Tell Me More About Susceptibility!
One of the most common ways of modelling infectious diseases is by using something called the SIR model. (S=susceptible, I=infected, R=removed). I’ve talked a little bit about the SIR model in an earlier post.
But the essence is that, in this idealized model, every population begins with everyone being susceptible to the disease. As the infection is introduced, some people get it and either recover or die. Either way, they are removed from the pool and are no longer susceptible. Over time, as the number of susceptible people diminishes, the infection has nowhere to grow, so dies off. The curves look like this:
If you look at the red curve, that’s essentially what a first wave looks like. It peaks and declines because the number of susceptible people diminishes.
In Canada, we still have 95% of the population being susceptible. So clearly our first wave was not driven down by reducing that number. It was driven down by public health interventions that mimicked depressed susceptibility, i.e. many people were rendered “uninfectable” through mask wearing and social distancing.

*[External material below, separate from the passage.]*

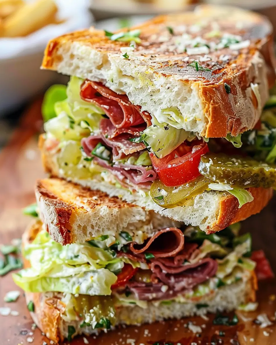 The Italian Grinder Salad Sandwich is a vibrant, delicious creation rooted in Italian-American cuisine. Historical evidence suggests that this sandwich gained popularity in the Northeast, particularly in states like Connecticut and New Jersey, where you can find bustling delis filled with eager patrons. Originally inspired by hearty Italian subs, this sandwich showcases a delightful mix of fresh vegetables, savory meats, and zesty dressings—all nestled in a crusty Italian roll. Made with an assortment of ingredients like turkey bacon, chicken ham, peppers, onions, and a tangy vinaigrette, it’s a perfect marriage of flavors that speak to warm summer days or any time you crave something crisp and filling.

So if those public health investments were to wane, the true susceptibility of our population would once again assert itself, the predator virus would once more find purchase in the form of ripe victims, and that red curve would once more climb toward a new peak.
So Is This Inevitable?
I think that given the nature of school openings, the cold weather, the fact that businesses must remain open, and the fact of the existence of idiots protesting the need for public health measures, it is highly likely we will see the start of a new wave of COVID this coming Fall.
What is not inevitable is that the size of that wave has to be large enough to disrupt our lives. By this I mean that there is still a strong role to play in mask-wearing, general hygiene, and distancing. If enough people continue to do these things, we stand a very good chance of keeping that second peak to a very low height indeed.
So stay vigilant, friends. How this disease unfolds is 100% dependent on our actions. This is a good thing. It means our fate is in our own hands. We can choose to get through this with minimal pain. Let’s make good choices.